Aide-Mémoire From the Soviet Leadership to President Nixon

While in Moscow [I] had meetings with the Soviet leaders in the course of which we discussed questions of relations between the USSR and the US.

[Page 283]

The President is aware of the importance with which Soviet-American relations are viewed by our side and of the significance attached to them in Moscow. Enough time has now passed since the inauguration of the new administration in the United States to permit an evaluation of the state of Soviet-American relations in the light of the exchange of opinion that has since taken place between our Governments, as well as of the events that have occurred in the world.

I am instructed to frankly inform the President that Moscow is not satisfied with the present state of relations between the USSR and the US. One gets the impression that the American side, while declaring in general words that it is ready to pursue negotiations with the Soviet Union, evades, in fact, concrete discussion of a whole number of major questions, such as measures to be taken to ensure that allied agreements reflecting the results of World War II and outlining steps for securing peace be put into life; greater coordination of our actions aimed at settling in practice the Middle East conflict, as well as certain concrete questions of bilateral Soviet-American relations, in particular, that of trade. Moreover, in a number of cases the American side has taken steps which obviously run counter to the declarations in favor of improving relations between our countries. All this cannot but alert us and, in any case, cannot contribute to better trust which is so necessary for relations between our Governments if we are indeed to make progress in removing the abnormalities that have piled up in our relations in the past, and in settling major international issues fraught with dangerous crises.

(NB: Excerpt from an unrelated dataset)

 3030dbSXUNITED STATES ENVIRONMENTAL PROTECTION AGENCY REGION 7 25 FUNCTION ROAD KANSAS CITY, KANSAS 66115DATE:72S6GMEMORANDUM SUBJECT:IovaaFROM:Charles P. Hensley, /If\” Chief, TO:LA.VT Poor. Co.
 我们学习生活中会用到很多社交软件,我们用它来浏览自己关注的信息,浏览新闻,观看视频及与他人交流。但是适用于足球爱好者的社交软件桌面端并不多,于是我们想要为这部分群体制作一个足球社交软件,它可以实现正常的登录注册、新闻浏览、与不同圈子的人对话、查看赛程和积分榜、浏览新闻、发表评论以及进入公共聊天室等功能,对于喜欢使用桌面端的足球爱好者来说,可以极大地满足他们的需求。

With this in mind the Soviet Government decided to outline for the President its considerations on a number of concrete questions.

2.

[sic] It is known, for example, that the Soviet Government has expressed readiness to follow the path that would facilitate doing away with the existing military blocks and groupings which, without doubt, would make a most positive impact on the world situation. Unfortunately, one has to conclude that those statements have not met a positive response from the US Government. On the contrary, it is noted in Moscow that the activity of NATO is now on the increase.

Or take, for instance, the question of drawing a line through the vestiges of the Second World War in Europe and fixating the situation that has developed there. We on our part have always expressed readiness and proposed concrete ways for a just settlement of the questions involved, with due regard to the existing realities. The American side, however, acts contrary to the obligations assumed by the United States under the Allied agreements. Why could not the US, together with the USSR as great powers and allies in the past war, make necessary efforts at last in that important field?

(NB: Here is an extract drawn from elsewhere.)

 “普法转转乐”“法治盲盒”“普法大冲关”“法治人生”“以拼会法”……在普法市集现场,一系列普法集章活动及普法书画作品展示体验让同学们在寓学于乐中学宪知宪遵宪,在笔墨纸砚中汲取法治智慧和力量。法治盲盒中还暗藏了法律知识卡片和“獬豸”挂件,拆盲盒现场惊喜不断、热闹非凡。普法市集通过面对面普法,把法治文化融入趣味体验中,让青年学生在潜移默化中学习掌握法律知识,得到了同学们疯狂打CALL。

The Soviet side stands prepared now to start an exchange of views with the US also on the question of West Berlin. Such an exchange of [Page 284]views, in our opinion, can be useful if both sides are guided by the aim of contributing to a relaxation of tension in Europe and of preventing in the future frictions and complications dangerous for the maintenance of peace and stability in Europe.

3.

It is also known that the US and the USSR have long been conducting an exchange of views on Middle East settlement We would like to say with all frankness, however, that, in our opinion, there has been no significant progress in this matter so far, while the situation in the Middle East in the meantime, far from getting normalized, is further deteriorating. In our deep conviction, such a course of events in no small degree is due to the failure on the part of the US to make adequate efforts to bring to an end the present arrogant behaviour of Israel which deliberately aggravates the situation and is wrecking a settlement.

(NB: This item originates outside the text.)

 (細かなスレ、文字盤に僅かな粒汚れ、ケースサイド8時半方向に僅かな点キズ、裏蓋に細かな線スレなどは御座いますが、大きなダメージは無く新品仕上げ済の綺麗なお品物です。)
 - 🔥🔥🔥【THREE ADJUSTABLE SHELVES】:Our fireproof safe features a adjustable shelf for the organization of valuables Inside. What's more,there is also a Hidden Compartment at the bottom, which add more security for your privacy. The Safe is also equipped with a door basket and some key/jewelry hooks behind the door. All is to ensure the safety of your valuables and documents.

Moscow would like to hope that the President will give this question all due attention and that appropriate steps will be taken from the American side to put an end to Israel’s obstructionism which would pave the way toward achieving a just settlement in the Middle East.

4.

In Moscow development of events around Vietnam is being watched closely as before.

The Soviet Union, as in the past, is interested in a speediest peaceful settlement of the Vietnam conflict through negotiations and on the basis of respect for the rights and aspirations of the Vietnamese people. We can responsibly state that the position of our Vietnamese friends is the same.

I would like to recall in this connection a concrete program of just and peaceful settlement, put forward by the Government of the Democratic Republic of Vietnam and the National Liberation Front of South Vietnam, and to emphasize, too, that the stubborn resistance of the American side to the creation of a coalition government in South Vietnam which would be based on the actual pattern of political forces there cannot but evoke questions as to the actual meaning of statements about the US desire to end the war in Vietnam and to achieve a political settlement of that conflict. These questions also arise in view of the fact that parallel to the Paris Peace Talks the US is conducting wide preparations for continuing the war in Vietnam.

Due note has been taken in Moscow, of course, of the hints by the American representatives about possible use by the United States of some “alternate” methods of solving the Vietnam question. Such hints cannot be regarded in any other way but as a rather open threat addressed to the DRV and the Provisional Revolutionary Government of South Vietnam.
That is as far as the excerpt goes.